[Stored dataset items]
____

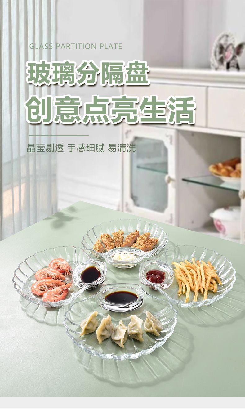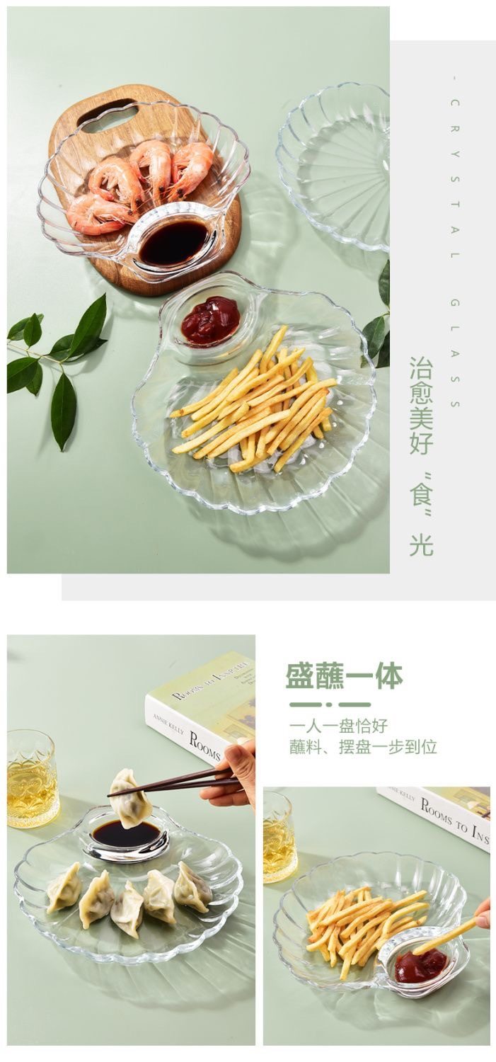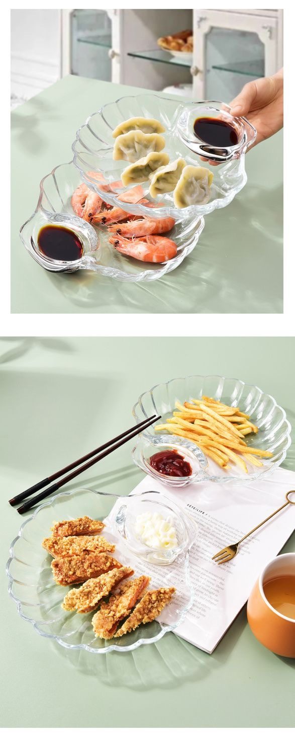 Glass Dumplings Dumplings Plate with Dip Dish European Style Creative Home Salah Bowl Fruit Plate Split Plate
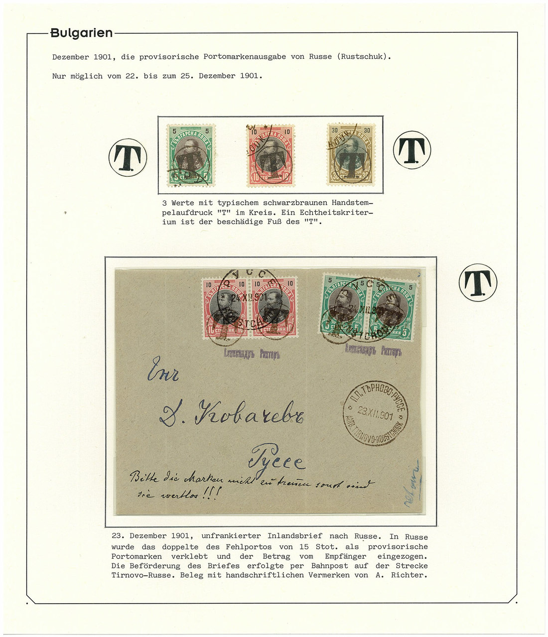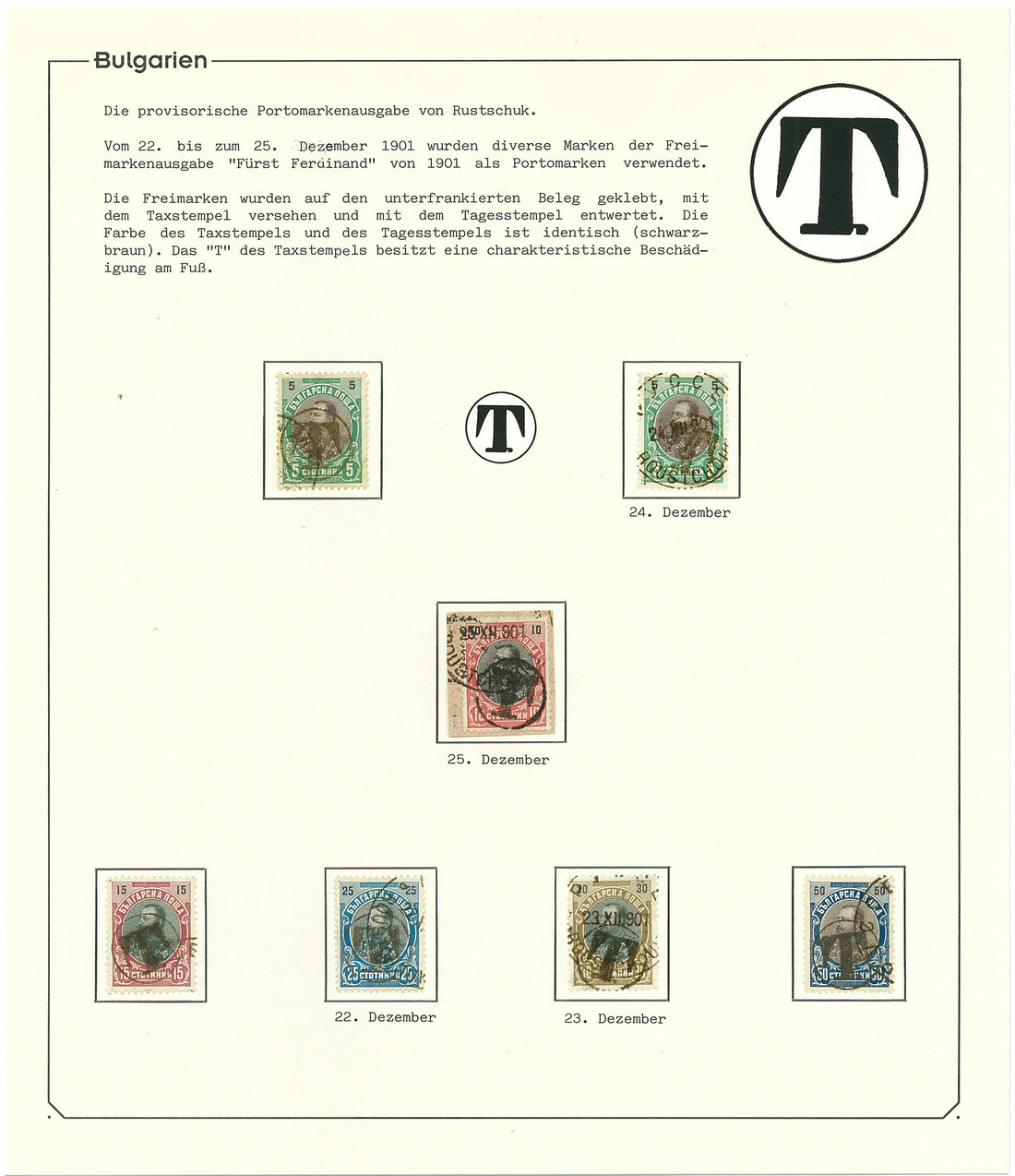 BulgariaLater Issues1901, 22-25 December, Provisional Postage Dues on "Prince Ferdinand". 5st., 10st., 15st., 25st. and 30st., nine used single values and one cover taxed with 5st. and 10st. pairs tied by bilingual "Roustchouk" c.d.s. with "Amb. Tirnovo-Roustchouk" c.d.s. adjacent (although being philatelic, genuinely travelled covers as this example are very rare). Mi. 1a-1e.
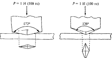 образца; 14 - рукоятка для поворота столика; 15 - ручной прессик Рисунок 6 - Общий вид прибора ПМТ-3 для определения микротвердости Образец укладывают на планку и закрепляют скотчем или пластилином так, чтобы исследуемая поверхность образца располагалась параллельно рабочей плоскости стола. Планку с образцом помещают на столик и при помощи микроскопа выбирают место для нанесения отпечатка. Поворачивая столик на 180° вокруг вертикальной оси при помощи рукоятки, подводят выбранное на образце место под острие алмазной пирамиды и вдавливают ее в образец. Давление на пирамиду оказывают грузом массой (100±5) г. Продолжительность выдержки под нагрузкой должна быть от 5 до 10 с. Алмазный наконечник (пирамиду) с грузом возвращают в прежнее положение. Образец устанавливают против микроскопа для измерения длины диагонали. Совмещая отпечаток с перекрестием, измеряют длину диагонали отпечатка. На каждом образце производят десять измерений по двум линиям, параллельным длинной стороне образца. Расстояние между линиями и первой точкой от края образца - 20 мм, между соседними точками - 10 мм. Рисунок 7 - Алмазный наконечник (пирамида) твердомера За результат измерения на данном образце принимают длину максимальной диагонали отпечатка. Микротвердость Н, кгс/мм2, вычисляют по формуле где Р - нагрузка, Н (гс); l - длина диагонали отпечатка, мкм. За результат испытания принимают среднеарифметическое значение четырех параллельных испытаний. 6.10 Определение морозостойкости горной пародыСущность метода заключается в определении прочности горной породы после заданного числа циклов попеременного замораживания и оттаивания. 6.10.1 Средства контроля и вспомогательное оборудованиеКамера морозильная, обеспечивающая достижение и поддержание температуры минус (20±2) °С. Шкаф сушильный. Пресс гидравлический с максимальным усилием до 500 кН по ГОСТ 28840. Ванна с устройством для поддержания температуры (20±2) °С для насыщения образцов водой и их оттаивания. Контейнеры для образцов. 6.10.2 Порядок подготовки к испытанию и проведение испытанияДля каждого испытания изготавливают по 6.5.2 пять образцов горной породы, для пород с выраженной слоистостью - десять образцов. Образцы укладывают в ванну на решетку в один ряд и заливают водой так, чтобы уровень воды был выше верха образцов на 20 мм. Образцы выдерживают в воде 48 ч, после чего образцы извлекают из ванны, удаляют влагу с поверхности образцов мягкой влажной тканью. Образцы устанавливают в контейнер или на сетчатый стеллаж морозильной камеры так, чтобы расстояние между образцами, стенками контейнера и вышележащими стеллажами было не менее 30 мм. Началом замораживания считают момент установления в камере температуры минус 18 °С. Продолжительность выдерживания образцов в камере при температуре минус (20±2) °С должна составлять 4 ч, после чего образцы помещают в ванну и выдерживают в ней до полного оттаивания, но не менее 2 ч. Далее цикл замораживания-оттаивания повторяют. После 15, 25 и каждых последующих 25 циклов попеременного замораживания и оттаивания по пять водонасыщенных образцов подвергают испытанию на сжатие по 6.5.3. 6.10.3. Обработка результатов испытанияПотерю прочности образцов DR, %, вычисляют по формуле где Rсж - среднеарифметическое значение предела прочности при сжатии образцов в водонасыщенном состоянии, МПа (кгс/см2);
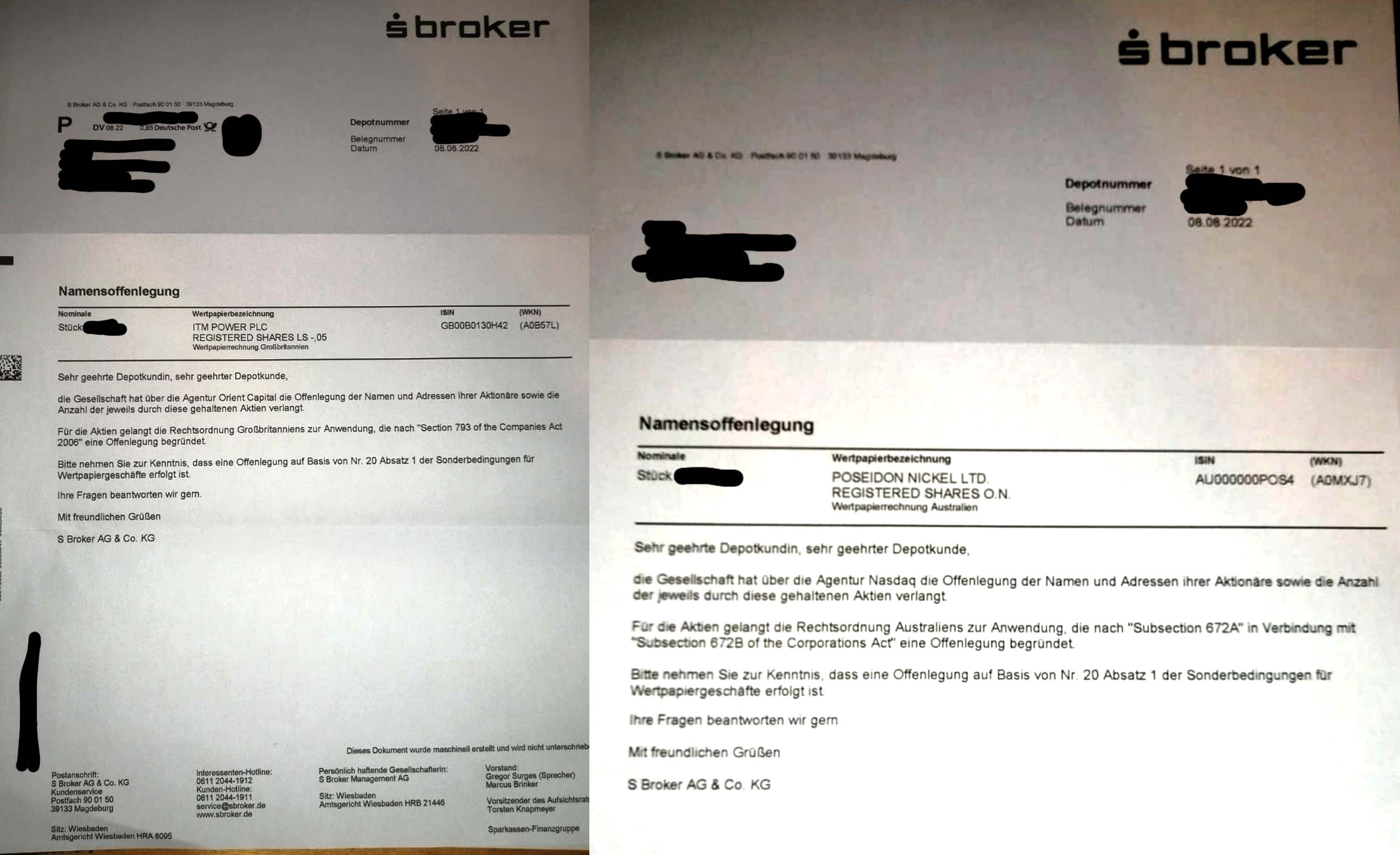Sehr wahrscheinlich, dies deutet zumindest der Zusatz "Registered Shares" an, handelt es sich bei deinen beiden Aktien um sogenannte Namensaktien und in diesem Falle, wohl auch auf Grundlage des britischen wie auch australischen Rechts, kann die Firma sich sowohl die Namen wie auch die Anzahl der gehaltenen Shares ausweisen lassen und auch in Deutschland, und sehr wahrscheinlich auch in Amerika, gibt es solch eine Regelung, aber nur wenn es sich um Namensaktien handelt (zumindest in Deutschland). Wo es hier noch einen undeutlichen Kontext gibt, ob es sich bei den Aktien von AMC auch um Namensaktien handelt. Theoretisch müssten es auch welche sein, weil sie auch den Zusatz "Registered Shares" tragen.
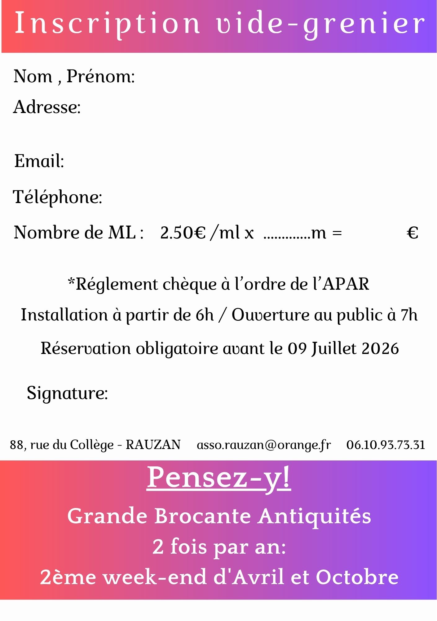 Grand vide grenier à l'occasion de la grande brocante d'été des 11 et 12 juillet 2026
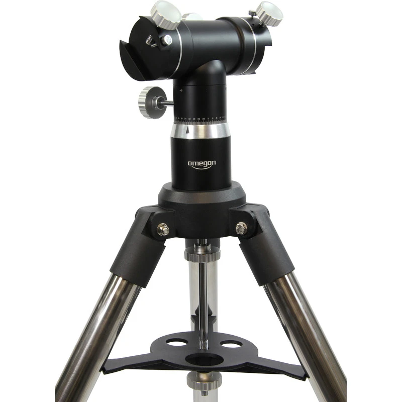 A stainless steel tripod with three 45mm legs provides a stable base. Even with telescope loads of up to 10kg, the whole mount remains completely vibration-free. A built-in metal spreader plate means even better stabilization and is very practical, also serving as a repository for 1.25″ and 2″ eyepieces.
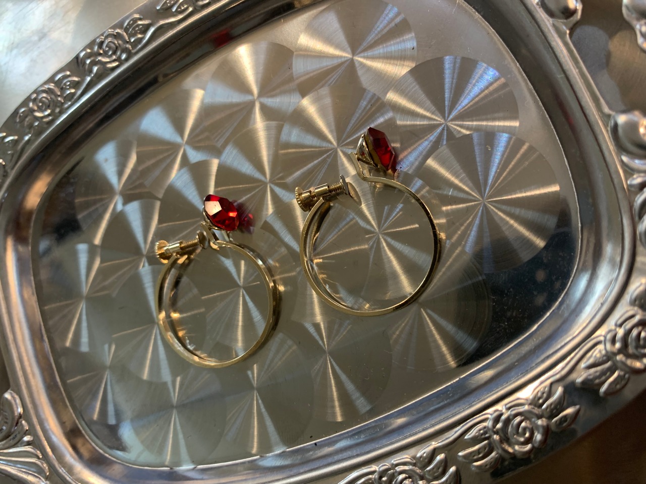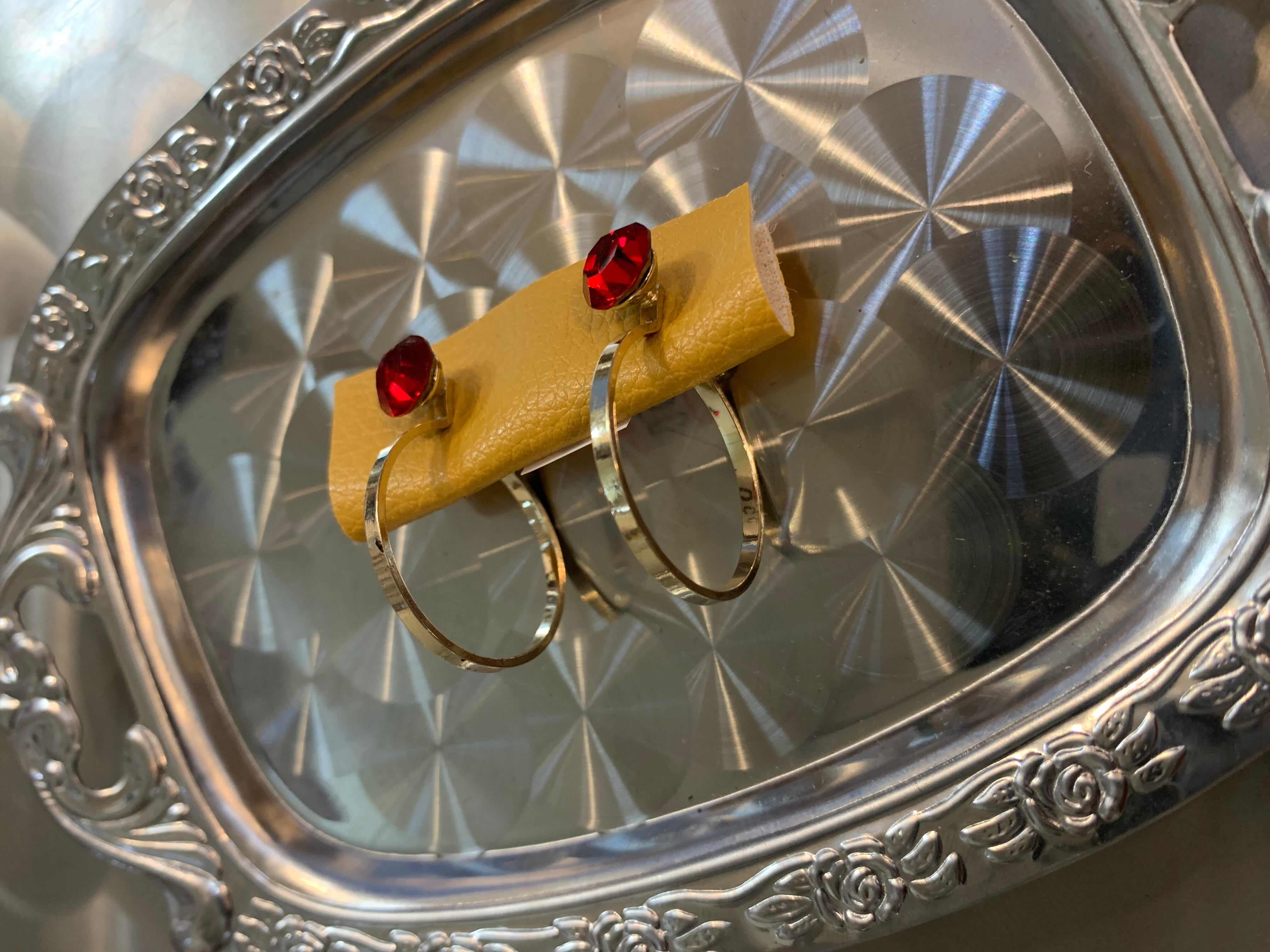 ルビー風の一粒石をあしらったフープ型のイヤリングです。

____

* _PROBLEM TO SOLVE_: Quote the preceding records in their entirety, excluding every picture.

* _WRITTEN SOLUTION_:
 Glass Dumplings Dumplings Plate with Dip Dish European Style Creative Home Salah Bowl Fruit Plate Split Plate
 BulgariaLater Issues1901, 22-25 December, Provisional Postage Dues on "Prince Ferdinand". 5st., 10st., 15st., 25st. and 30st., nine used single values and one cover taxed with 5st. and 10st. pairs tied by bilingual "Roustchouk" c.d.s. with "Amb. Tirnovo-Roustchouk" c.d.s. adjacent (although being philatelic, genuinely travelled covers as this example are very rare). Mi. 1a-1e.
 образца; 14 - рукоятка для поворота столика; 15 - ручной прессик Рисунок 6 - Общий вид прибора ПМТ-3 для определения микротвердости Образец укладывают на планку и закрепляют скотчем или пластилином так, чтобы исследуемая поверхность образца располагалась параллельно рабочей плоскости стола. Планку с образцом помещают на столик и при помощи микроскопа выбирают место для нанесения отпечатка. Поворачивая столик на 180° вокруг вертикальной оси при помощи рукоятки, подводят выбранное на образце место под острие алмазной пирамиды и вдавливают ее в образец. Давление на пирамиду оказывают грузом массой (100±5) г. Продолжительность выдержки под нагрузкой должна быть от 5 до 10 с. Алмазный наконечник (пирамиду) с грузом возвращают в прежнее положение. Образец устанавливают против микроскопа для измерения длины диагонали. Совмещая отпечаток с перекрестием, измеряют длину диагонали отпечатка. На каждом образце производят десять измерений по двум линиям, параллельным длинной стороне образца. Расстояние между линиями и первой точкой от края образца - 20 мм, между соседними точками - 10 мм. Рисунок 7 - Алмазный наконечник (пирамида) твердомера За результат измерения на данном образце принимают длину максимальной диагонали отпечатка. Микротвердость Н, кгс/мм2, вычисляют по формуле где Р - нагрузка, Н (гс); l - длина диагонали отпечатка, мкм. За результат испытания принимают среднеарифметическое значение четырех параллельных испытаний. 6.10 Определение морозостойкости горной пародыСущность метода заключается в определении прочности горной породы после заданного числа циклов попеременного замораживания и оттаивания. 6.10.1 Средства контроля и вспомогательное оборудованиеКамера морозильная, обеспечивающая достижение и поддержание температуры минус (20±2) °С. Шкаф сушильный. Пресс гидравлический с максимальным усилием до 500 кН по ГОСТ 28840. Ванна с устройством для поддержания температуры (20±2) °С для насыщения образцов водой и их оттаивания. Контейнеры для образцов. 6.10.2 Порядок подготовки к испытанию и проведение испытанияДля каждого испытания изготавливают по 6.5.2 пять образцов горной породы, для пород с выраженной слоистостью - десять образцов. Образцы укладывают в ванну на решетку в один ряд и заливают водой так, чтобы уровень воды был выше верха образцов на 20 мм. Образцы выдерживают в воде 48 ч, после чего образцы извлекают из ванны, удаляют влагу с поверхности образцов мягкой влажной тканью. Образцы устанавливают в контейнер или на сетчатый стеллаж морозильной камеры так, чтобы расстояние между образцами, стенками контейнера и вышележащими стеллажами было не менее 30 мм. Началом замораживания считают момент установления в камере температуры минус 18 °С. Продолжительность выдерживания образцов в камере при температуре минус (20±2) °С должна составлять 4 ч, после чего образцы помещают в ванну и выдерживают в ней до полного оттаивания, но не менее 2 ч. Далее цикл замораживания-оттаивания повторяют. После 15, 25 и каждых последующих 25 циклов попеременного замораживания и оттаивания по пять водонасыщенных образцов подвергают испытанию на сжатие по 6.5.3. 6.10.3. Обработка результатов испытанияПотерю прочности образцов DR, %, вычисляют по формуле где Rсж - среднеарифметическое значение предела прочности при сжатии образцов в водонасыщенном состоянии, МПа (кгс/см2);
Sehr wahrscheinlich, dies deutet zumindest der Zusatz "Registered Shares" an, handelt es sich bei deinen beiden Aktien um sogenannte Namensaktien und in diesem Falle, wohl auch auf Grundlage des britischen wie auch australischen Rechts, kann die Firma sich sowohl die Namen wie auch die Anzahl der gehaltenen Shares ausweisen lassen und auch in Deutschland, und sehr wahrscheinlich auch in Amerika, gibt es solch eine Regelung, aber nur wenn es sich um Namensaktien handelt (zumindest in Deutschland). Wo es hier noch einen undeutlichen Kontext gibt, ob es sich bei den Aktien von AMC auch um Namensaktien handelt. Theoretisch müssten es auch welche sein, weil sie auch den Zusatz "Registered Shares" tragen.
 Grand vide grenier à l'occasion de la grande brocante d'été des 11 et 12 juillet 2026
 A stainless steel tripod with three 45mm legs provides a stable base. Even with telescope loads of up to 10kg, the whole mount remains completely vibration-free. A built-in metal spreader plate means even better stabilization and is very practical, also serving as a repository for 1.25″ and 2″ eyepieces.
 ルビー風の一粒石をあしらったフープ型のイヤリングです。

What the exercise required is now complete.